---- RECORDS SUPPLIED
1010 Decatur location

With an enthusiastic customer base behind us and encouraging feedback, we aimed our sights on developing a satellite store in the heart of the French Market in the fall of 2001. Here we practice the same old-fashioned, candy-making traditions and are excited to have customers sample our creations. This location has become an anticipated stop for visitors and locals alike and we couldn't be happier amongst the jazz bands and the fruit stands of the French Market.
--------
---- RECORDS SUPPLIED
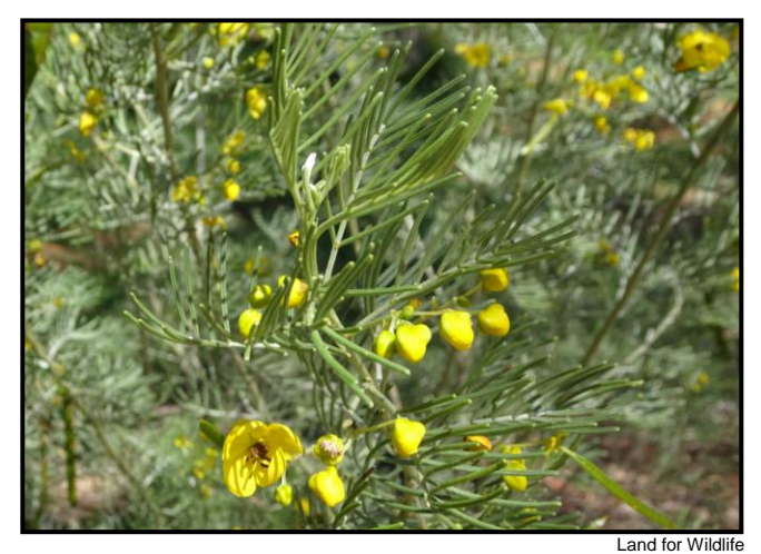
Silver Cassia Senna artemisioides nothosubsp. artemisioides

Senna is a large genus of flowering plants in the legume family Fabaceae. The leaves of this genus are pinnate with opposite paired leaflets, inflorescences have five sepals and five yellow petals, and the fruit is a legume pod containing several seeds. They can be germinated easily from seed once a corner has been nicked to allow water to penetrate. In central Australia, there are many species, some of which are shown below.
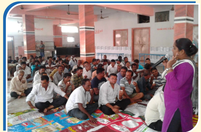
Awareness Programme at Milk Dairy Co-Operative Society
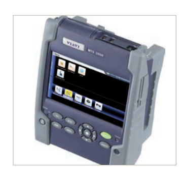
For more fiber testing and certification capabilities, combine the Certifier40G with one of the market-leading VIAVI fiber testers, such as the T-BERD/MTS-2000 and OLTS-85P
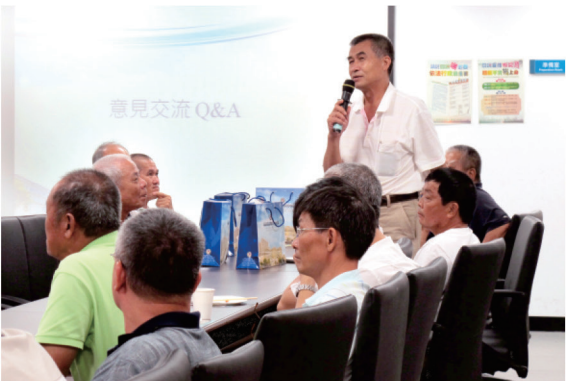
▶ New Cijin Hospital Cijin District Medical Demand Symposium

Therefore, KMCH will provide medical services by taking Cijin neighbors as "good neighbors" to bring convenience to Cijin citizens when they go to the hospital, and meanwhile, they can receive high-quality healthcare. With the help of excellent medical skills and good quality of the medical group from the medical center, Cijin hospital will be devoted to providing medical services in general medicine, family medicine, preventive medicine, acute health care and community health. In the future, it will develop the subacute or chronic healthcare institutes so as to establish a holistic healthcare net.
--------
PROBLEM DETAILS: Please repeat the lines of the material above exactly, starting with the line that contains "For more fiber" and ending with the line that contains "Therefore, KMCH will". Leave the pictures out.

THE ANSWER:
For more fiber testing and certification capabilities, combine the Certifier40G with one of the market-leading VIAVI fiber testers, such as the T-BERD/MTS-2000 and OLTS-85P
▶ New Cijin Hospital Cijin District Medical Demand Symposium

Therefore, KMCH will provide medical services by taking Cijin neighbors as "good neighbors" to bring convenience to Cijin citizens when they go to the hospital, and meanwhile, they can receive high-quality healthcare. With the help of excellent medical skills and good quality of the medical group from the medical center, Cijin hospital will be devoted to providing medical services in general medicine, family medicine, preventive medicine, acute health care and community health. In the future, it will develop the subacute or chronic healthcare institutes so as to establish a holistic healthcare net.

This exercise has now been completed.